- **INPUT RECORDS**
* * * *
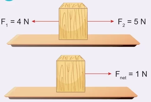 $F_{\text{net}}$ sıfırdan farklı olduğu için cisim dengelenmemiş kuvvetlerin etkisindedir. Bileşke kuvvetin yönü, büyük olan kuvvetin (Doğu yönündeki $15 \text{ N}$) yönüyle aynıdır. Cisim Doğu yönünde hareket etme eğilimindedir.
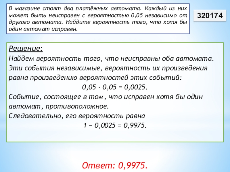 В магазине стоят два платёжных автомата. Каждый из них может быть неисправен с вероятностью 0,05 независимо от другого автомата. Найдите вероятность того, что хотя бы один автомат исправен.
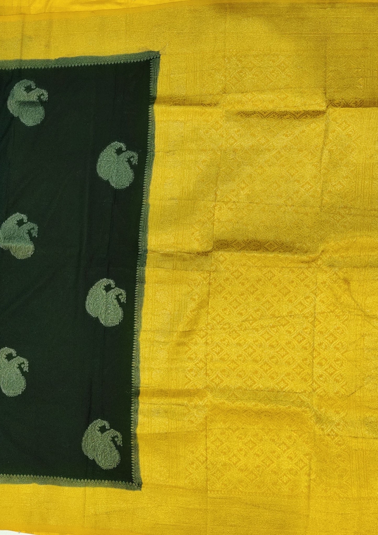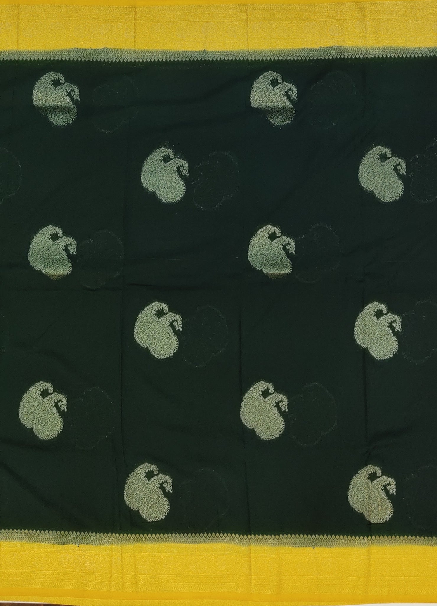 Banaras Georgette Saree with Paisley Buttis all over with Contrast Border,Paluu and Blouse- Bottle Green
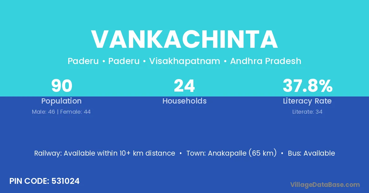 Anakapalle (65 km) is the nearest town to Vankachinta village for major economic activities and is located approximately 65 km away.
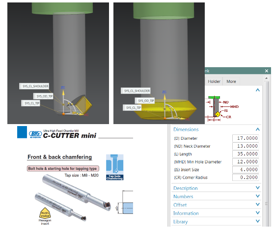 功能:? 新的背面埋頭孔專用刀具類型? 參數化的刀具定義偏心軸? 根據長度、直徑、頸部直徑、最小孔徑和刀片大小控制尺寸? 目前僅支持45度的切削邊刀片? 旋轉和非旋轉表示? 支持庫 (導入/導出)益處:? 從背面加工倒角的專用刀具
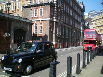 Keywords: england london building street traffic bus taxi
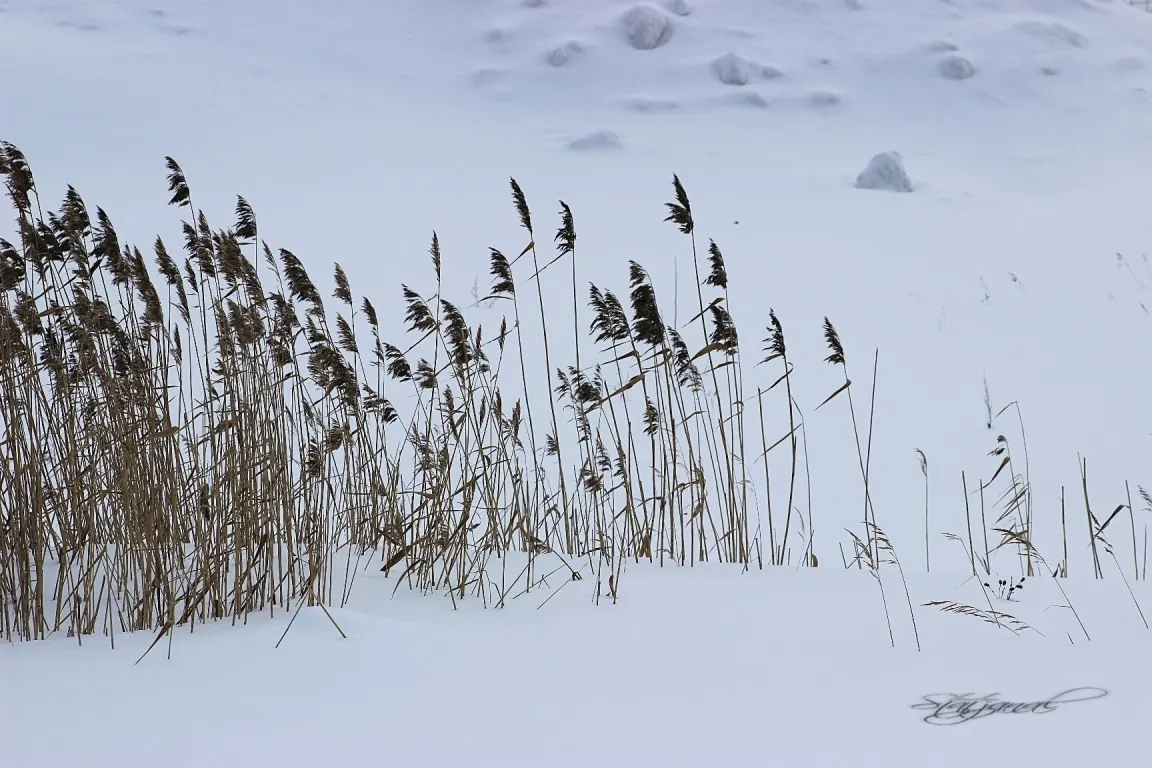 На рыхлом снегу видно множество следов мелких птиц, которые отыскивают на поверхности семена растений.
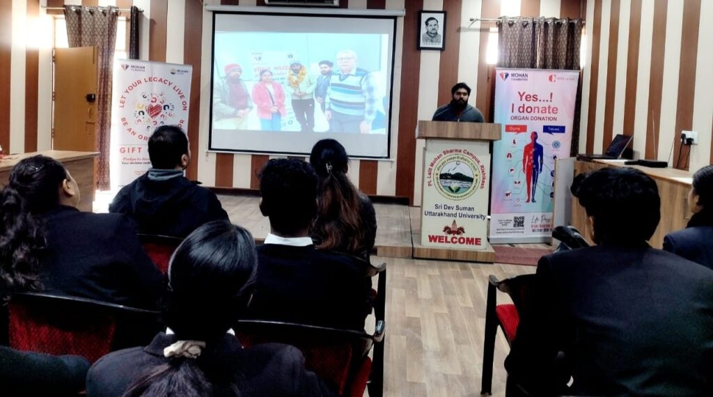 पंडित ललित मोहन शर्मा श्रीदेव सुमन उत्तराखंड विश्वविद्यालय परिसर ऋषिकेश के मेडिकल लैब टेक्नोलॉजी विभाग द्वारा अंगदान विषय पर एक महत्वपूर्ण जागरूकता कार्यक्रम का आयोजन किया गया, जिसमें एम्स ऋषिकेश एवं मोहन फाउंडेशन का सहयोग रहा।
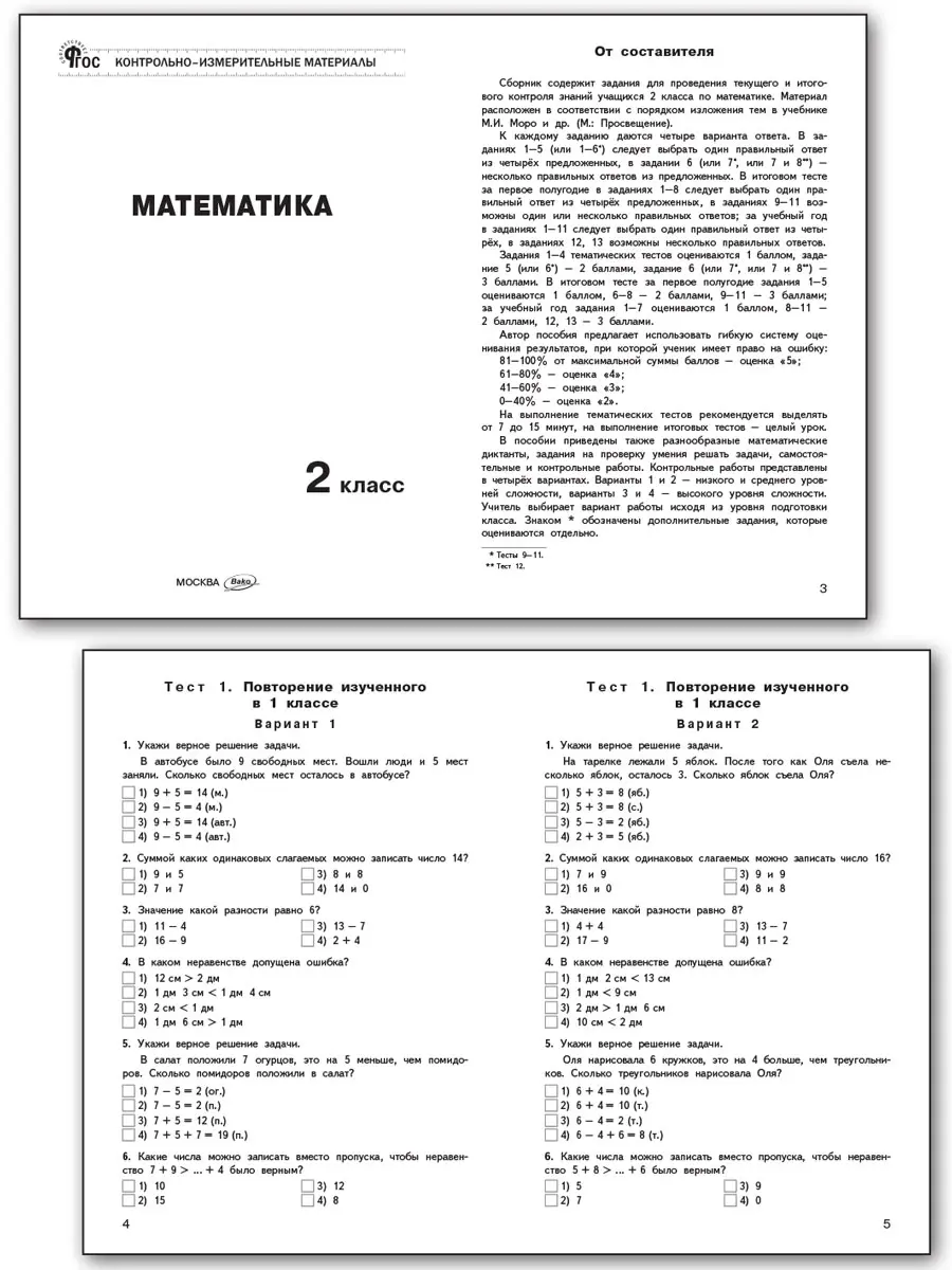 В пособии представлены контрольно-измерительные материалы по математике для 2 класса. Порядок тем соответствует учебнику М.И. Моро и др. УМК «Школа России», входящему в действующий федеральный перечень учебников. Все задания соответствуют программе общеобразовательных организаций и требованиям действующего ФГОС для начальной школы. Систематическая работа с материалами сборника позволит обучить школьников работе с тестами, что поможет в дальнейшем успешно выполнить задания государственной аттестации. Издание адресовано учителям начальных классов, школьникам и их родителям.
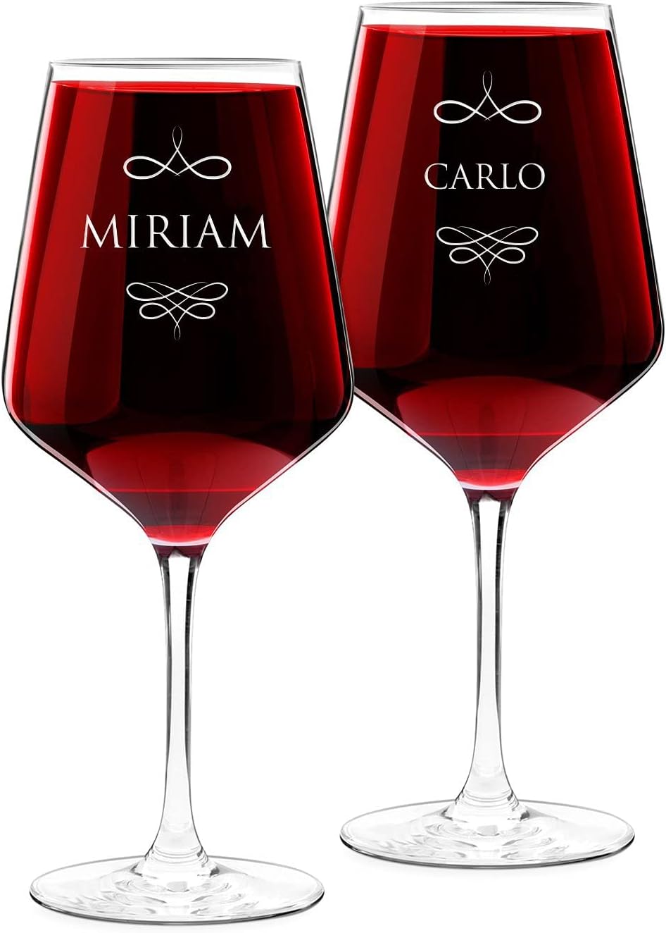Per dare un tocco di magia personale al tuo regalo puoi personalizzarlo con un’incisione e un testo a piacere scelto da te . Il nostro Set è composto da 2 calici in vetro di alta qualità da una capienza massima di 350 ml. Abbiamo analizzato per te 12 su Maverton Calici da vino- incisione personalizzata- 350 ml- set da 2 pezzi in vetro- ideale per il vino rosso e bianco- idea regalo di anniversario unico- per la coppia- Passerotti cercando di capire lo stato d'animo degli utenti dopo l'acquisto Regalo Uomo Compleanno Maverton 2 Calici Da Vino Rubino - 530 Ml XL - In Vetro - Ideali Per Spillatore Birra Da Casa Componi i tuoi testi e associali ad una grafica. Il set dei calici è ideale per ogni tipo di festa o incontro con gli amici e parenti ed è in grado di rendere le vostre serate incantevoli e la degustazione dell’alcol più piacevole… È consigliabile, per un buon mantenimento dell’estetica dei calici, usare detersivi delicati per la loro pulizia e il lavaggio manuale affinché sia l’incisione che il vetro non si opacizzino. Questo Kit di calici, grazie al loro design e alla forma elegante e raffinata si presenta come un regalo ideale per tutte le coppie, soprattutto per quelle che condividono il motto: “Un pasto senza vino è come un giorno senza sole ” Anche per questo il nostro set risulta essere un pensiero perfetto per marito e moglie.. che sia vostro coniuge, vostri amici, genitori, nonni o altri parenti, ma è anche adatto per tante occasioni come: nozze, San Valentino ecc.. UN’INCISIONE PROFESSIONALE! I nostri calici per il vino affascinano per la loro forma, che pur essendo classica resta impareggiabile. UN RAFFINATO KIT DI CALICI!
* * * *
- **PROBLEM REQUIREMENTS**
Write out, word for word, the stretch of entries that begins at the line with "На рыхлом снегу" and ends at the line with "पंडित ललित मोहन". Pictures do not belong in it.

- **COMPLETED EXERCISE**
 На рыхлом снегу видно множество следов мелких птиц, которые отыскивают на поверхности семена растений.
 पंडित ललित मोहन शर्मा श्रीदेव सुमन उत्तराखंड विश्वविद्यालय परिसर ऋषिकेश के मेडिकल लैब टेक्नोलॉजी विभाग द्वारा अंगदान विषय पर एक महत्वपूर्ण जागरूकता कार्यक्रम का आयोजन किया गया, जिसमें एम्स ऋषिकेश एवं मोहन फाउंडेशन का सहयोग रहा।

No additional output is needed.